Talvez uma das mais importantes contribuições de Wakanda para sempre esteja no tratamento dado à questão tecnológica, não pelos instrumentos e máquinas criados pela protagonista Shuri (interpretada por Letitia Wright) em seu laboratório, mas pela naturalização daquilo que dificilmente se aprende nas escolas: os africanos produzem tecnologia.

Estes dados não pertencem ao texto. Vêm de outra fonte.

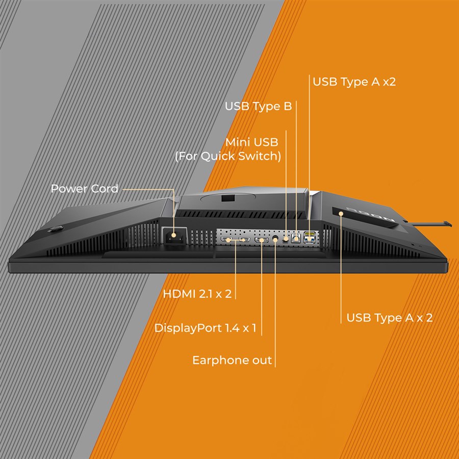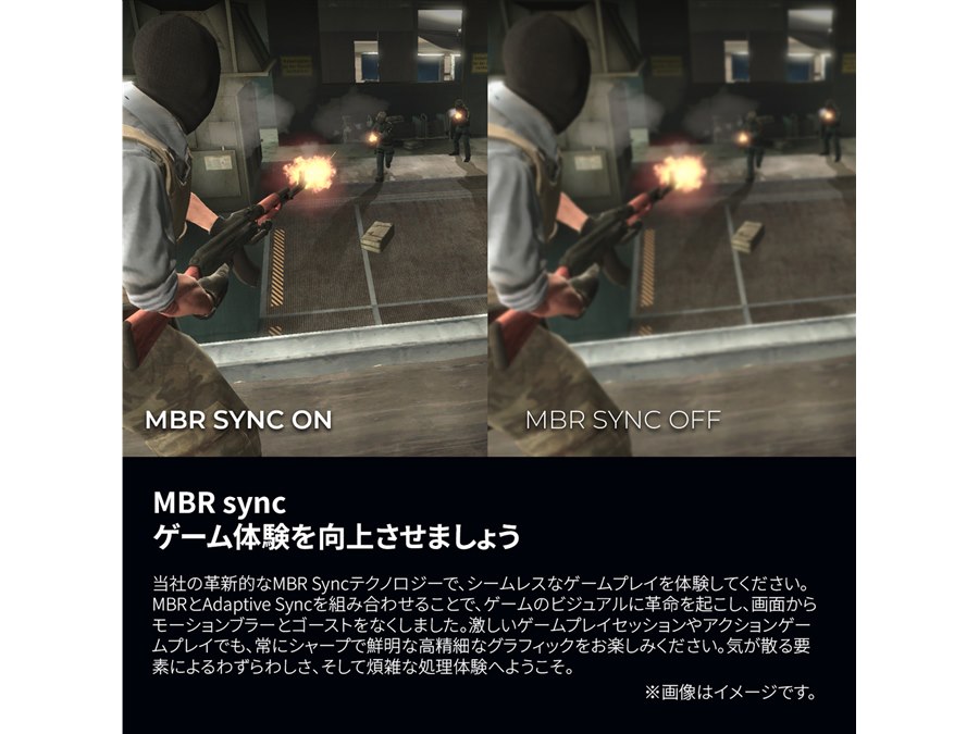 また、e-SPORT TNとも呼ばれるFast TNパネルを採用することで、モーションブラー(残像)を大幅に軽減し、より素早く正確な操作を可能としている。DisplayHDR 400に対応しており、鮮やかな色彩表現が行える。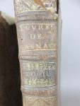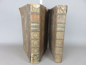 plein veau, dos à nerfs ornés de fleurons dorés, pièces de titre en basane brune, tomaison dorée. Reliure défraichie, manque pièce de titre du tome 1. Collation : tome 1 : 6 ff. non chiffrés-554 pp.-78 pp.-40 ff. n.c. / tome 2 : 2 ff.n.c.-507 pp.-35 ff.n.c.-4 ff.n.c.-124- 3 ff.n.c. Intérieur correct excepté une mouillure in-fine,. Vendu en l’état.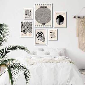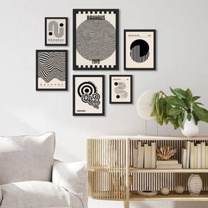 Composição 6 quadros bauhaus preto e branco Moldura: madeira preta Informações do produto tire todas as suas dúvidas no descritivo abaixo: decoração para quarto, sala, cozinha, escritório, área gourmet e muito mais. Chega de paredes vazias medidas - kit composto por 6 quadros, sendo 2 quadros com medida 18x24cm, 3 quadros com 24x33cm e 1 quadro com medida 33x45cm. Material do papel - papel fotográfico brilhante de altíssima resolução acabamento - todos os quadros são acompanhados de uma película de acetato para proteção da imagem. - os quadros são embalados de forma segura com plástico bolha com camada dupla de acordo com o tamanho dos quadros. Garantia - garantia de 3 meses. Meu quadro chegou. Como posso fixá-lo Você precisa apenas de um martelo e um prego, pois os quadros já vão acompanhados de penduradores. Esta é a forma mais indicada. Caso prefira, você pode utilizar uma fita dupla face neste caso, sugerimos de alta qualidade para evitar que descole e seu quadro caia . Como posso limpar meu quadro A limpeza é feita como um móvel comum da sua casa. Apenas um pano seco ou espanador são suficientes para tal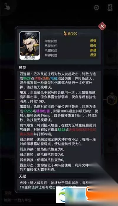 我就尝试打了一次,打掉三分之一血,就已经全灭了,都没见到他半血一下后的爆发。 目前已知的是,boss无视嘲讽,我主力队伍4人全部强50,整体战力8W+。 主站是守卫主角,云雀,三藏,克雷,除克雷外,人均只能抗住一刀(主角开盾除外)。 所以我第一次打的循环就是,三藏疯狂治疗,然后其他2人直接输出(克雷开场被满血一刀死),而且目测是少暴击的情况一下,人均抗住一刀,半血一下,个人感觉抗住一刀有点难。 其次就是主角开盾,确实能抗住很久,但boss有个减蓝debuff,再加上敌人只有一人。 主角霰弹回蓝无法抵御输出,楼主第一次打的时候,最后活下来的就是空蓝的主角。 上面就是跨越星弧格兰特最终BOSS打法攻略分享,更多最新最快的有关这款游戏的boss击杀技巧,请各位小伙伴们多多支持网!

Da observação e medição astronômica dos antigos egípcios e dos Dogons do Mali às técnicas seculares de cultivo e metalurgia em terrenos tropicais na África Ocidental, e as estratégias de guerra e confecção de armas pelos zulus na África do Sul, a tecnologia está em todo lugar.

O filme também faz uma homenagem a personagens africanos e diaspóricos cujas trajetórias são frequentemente silenciadas nos currículos escolares: Nakia (personagem interpretada por Lupita Nyong’o) é filha de Yaa, que, segundo a historiografia, foi uma rainha Ashanti que, em 1900, liderou uma vitoriosa contraofensiva ao exército britânico na cidade de Kumasi; e a Rainha Ramonda (interpretada por Angela Bassett) leva o sobrenome Lumumba, em referência ao líder da independência do Congo (Patrice Lumumba). Surge na trama também o jovem Toussaint (interpretado por Divine Love Konadu-Sun), cujo nome  remete ao líder da Revolução Haitiana, Touissant Louverture. O Haiti, país caribenho central para a História mundo Atlântico, é um dos pontos de gravação da trama.

Além da experiência do entretenimento, Wakanda para sempre é, em certa medida, um excelente exercício para se pensar o futuro, mas sem desconsiderar as particularidades observáveis de um complexo processo histórico. São muitos os territórios no continente africano e os seus futuros são inumeráveis.